Saba Ayman-Nolley first feared for developing countries as COVID-19 began rapidly spreading across the world last year. Ayman-Nolley is the president of the Hyde Park and Kenwood Interfaith Council, which oversees community food banks and refugee aid projects. As the coronavirus made its way to Chicago in March, she was increasingly concerned about its impact on her own community and the people she serves. She is sociable and typically energetic, but the responsibilities and fears of late have taken a toll on her.
“I think you would have to be scientifically blind not to be frightened. I always get concerned worldwide, because I know how often this hurts developing countries and communities in need. So I had that kind of fear,” Ayman-Nolley said.
Ayman-Nolley’s father, whom she and her sister help care for, is 90 years old. In the early days of the pandemic, she described the experience as “intense.”
“[My sister] moved in with my father. We all live next door to each other, and my sister and I share the care of my father. She’s the primary caregiver. But then, my sister fell in the kitchen and called me, and there was no choice—I had to go over there, I had to pick her up.
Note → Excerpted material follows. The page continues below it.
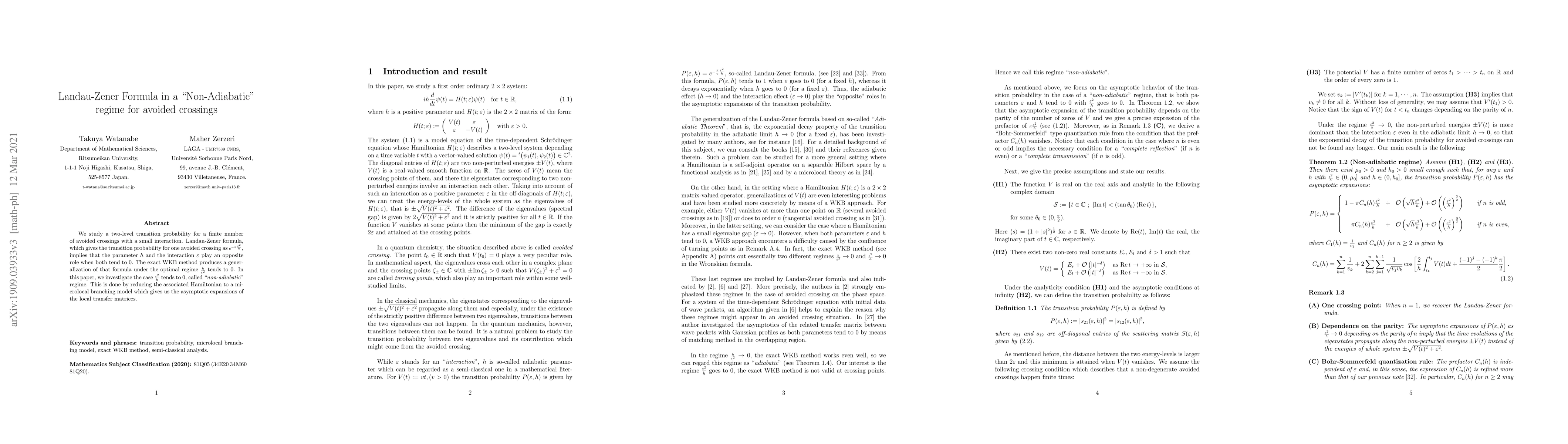 We study a two-level transition probability for a finite number of avoided crossings with a small interaction. Landau-Zener formula, which gives the transition probability for one avoided crossing as $e^{-\pi\frac{\varepsilon^{2}}{h}}$, implies that the parameter $h$ and the interaction $\varepsilon$ play an opposite role when both tend to $0$. The exact WKB method produces a generalization of that formula under the optimal regime $\frac{h}{\varepsilon^2}$ tends to~0. In this paper, we investigate the case $\frac{\varepsilon^2}{h}$ tends to 0, called "non-adiabatic" regime. This is done by reducing the associated Hamiltonian to a microlocal branching model which gives us the asymptotic expansions of the local transfer matrices.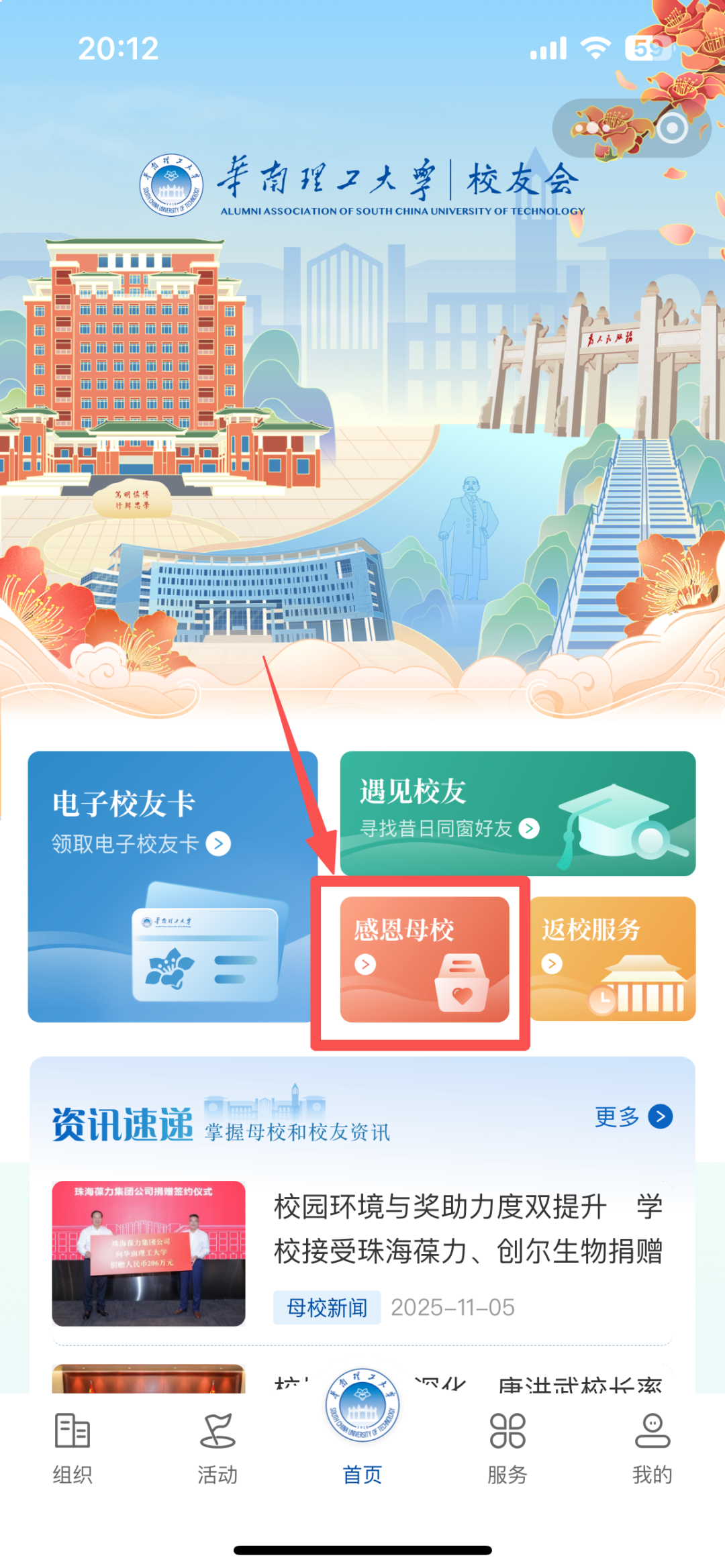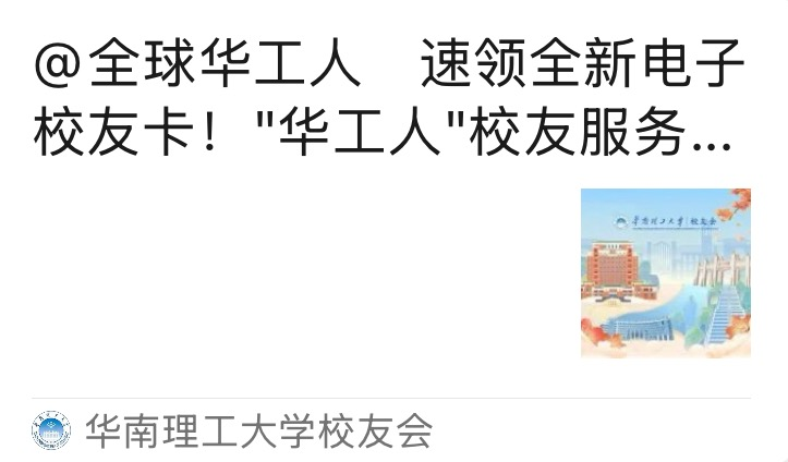 为此,学校校友会特别推出“华工人”校友服务小程序领取电子校友卡、了解母校信息、加入校友组织、参加校友活动、以及校友企业合作、求职招聘、助学捐赠、查询档案……各种贴心细致的服务助力校友们在此处重新集合让校友与校友、与母校之间的故事

I had to put stuff on her arm and finish cooking the dinner she was cooking,” Ayman-Nolley said.
Ayman-Nolley also had to manage her adult children’s exposure to the virus. She describes the conversations they have about who to see and how to stay safe. She and her adult children, who live nearby, did not meet in person and exchanged food by dropping it off outside the door. Her daughter moved in with Ayman-Nolley and started showing symptoms, adding to the anxiety.
“It feels very strange when your own adult gets out of a chair. And then you go with an alcoholic wipe and clean everything she touched on the chair because she was sick. I continued to apologize to her and she finally got tested, but it was an early time. Those tests were taking weeks to come back. So I was scared to hear. We waited two weeks or more; I cannot remember how long it went on, but I was afraid,” Ayman-Nolley said.